• PROBLEM STATEMENT: Pictures stay out of the copy. Repeat exactly the lines from the first entry below through the line that contains "The corner position", and nothing beyond.

Items from a dataset:
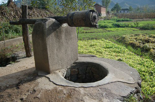 最古老的一眼水井,就建在村外偏西南,據說建成于清朝乾隆年間。這一眼老井,給我留下了無數刻骨銘心的記憶。我還在讀中小學的時候,冬春枯水季節,這眼老井的水就常常不夠全村人吃,水井周圍菜地離得近的人家,經常去水井里挑水抽水澆菜地,吃水就更加緊張。那時候,我父母親忙于做農活,早晨去挑水,因為井水被挑干了,或者在井盤上等著挑水的人太多,而出工做活計時間緊,來不及,常常才挑了一挑,井水就干了,或者根本挑不到水,父母親只好匆匆出工去做活計,還一直擔心家里這一天沒水煮飯。如果連續兩三天都挑不到水,大缸就徹底干了,就沒水吃了。這樣的日子,挑水的任務就落在了我和弟弟的肩上。
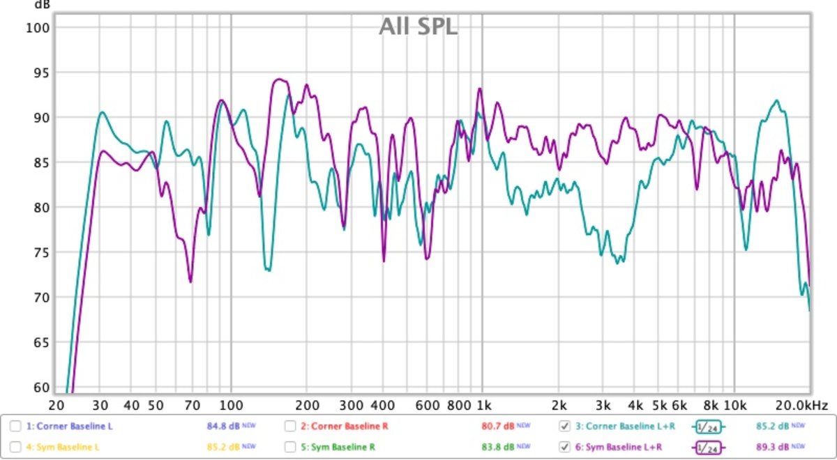 The corner position seemed to raise the DB level by 1-2 db so I had to re-calibrate REW to compensate for this.
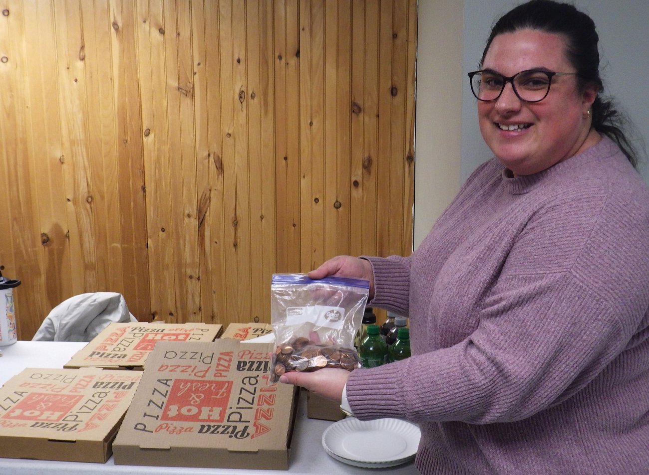 At the Select Board's Community Resiliency Partnership workshop on Feb. 9, Dixfield Town Manager Alicia Conn encouraged attendance with free pizza in exchange for the donation of pennies to address the shortage in the Town Office in making change when people pay taxes or other financial transactions. The effort was a success, she said, noting what was collected should last for awhile. (Bruce Farrin/Staff Writer) |
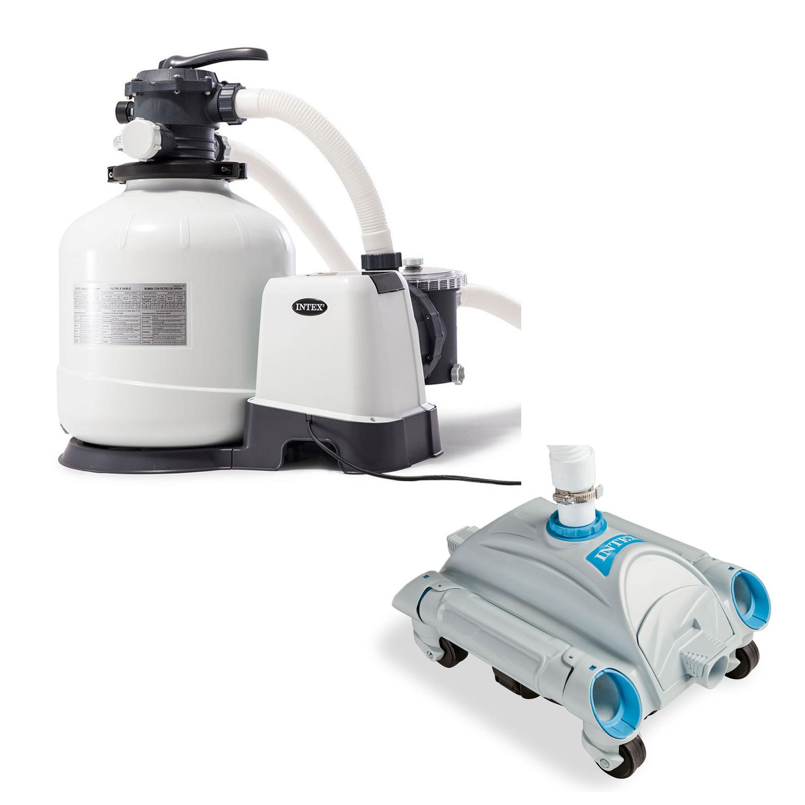 Intex 3000 GPH Above Ground Pool Sand Filter Pump and Automatic Pool Vacuum
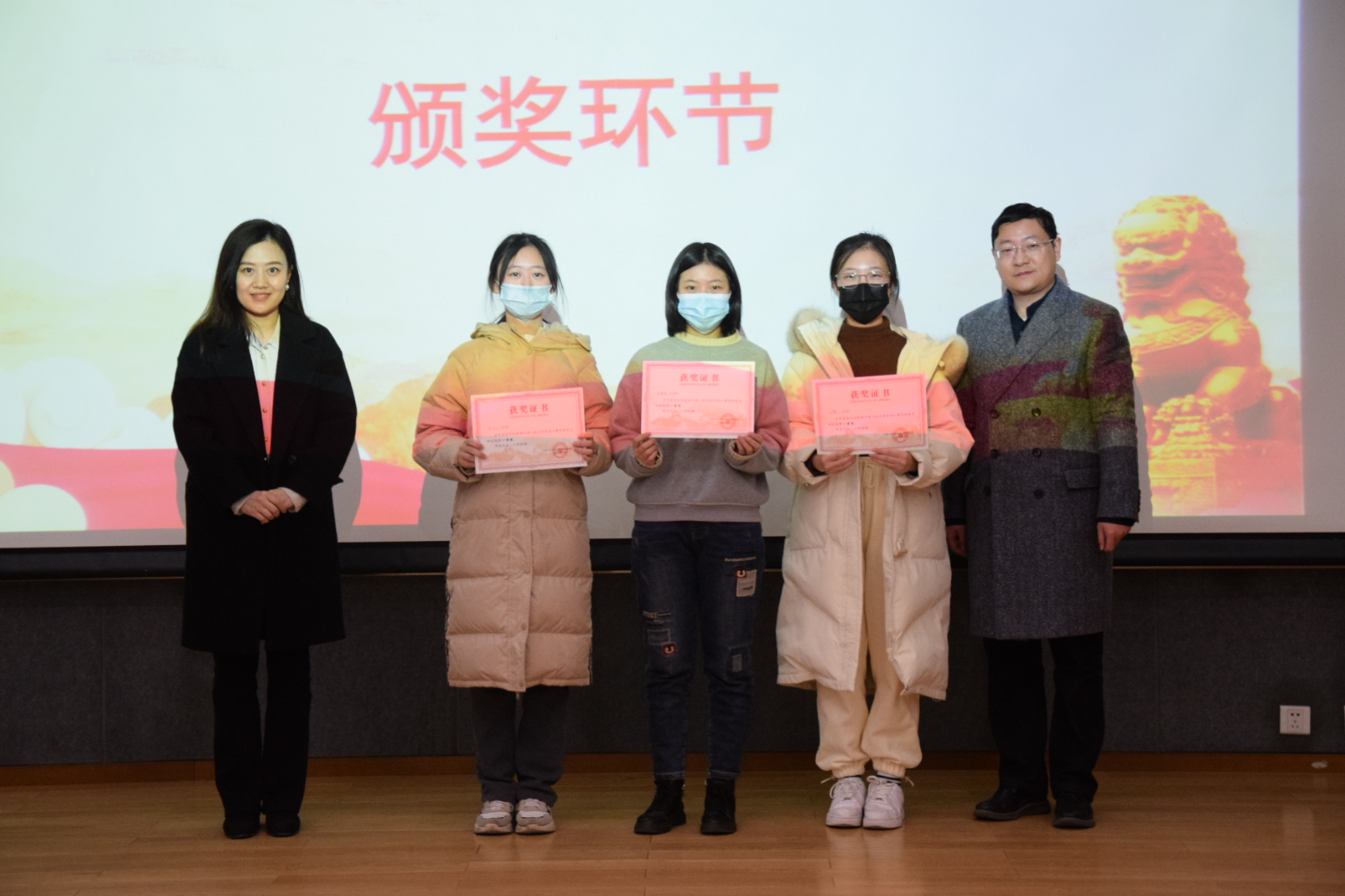 比赛环节结束后,主持人宣布了本次党史知识竞赛决赛的获奖情况。党委副书记吴自强老师、党委委员郭瑜老师为获奖队伍颁奖。

• REPLY:
 最古老的一眼水井,就建在村外偏西南,據說建成于清朝乾隆年間。這一眼老井,給我留下了無數刻骨銘心的記憶。我還在讀中小學的時候,冬春枯水季節,這眼老井的水就常常不夠全村人吃,水井周圍菜地離得近的人家,經常去水井里挑水抽水澆菜地,吃水就更加緊張。那時候,我父母親忙于做農活,早晨去挑水,因為井水被挑干了,或者在井盤上等著挑水的人太多,而出工做活計時間緊,來不及,常常才挑了一挑,井水就干了,或者根本挑不到水,父母親只好匆匆出工去做活計,還一直擔心家里這一天沒水煮飯。如果連續兩三天都挑不到水,大缸就徹底干了,就沒水吃了。這樣的日子,挑水的任務就落在了我和弟弟的肩上。
 The corner position seemed to raise the DB level by 1-2 db so I had to re-calibrate REW to compensate for this.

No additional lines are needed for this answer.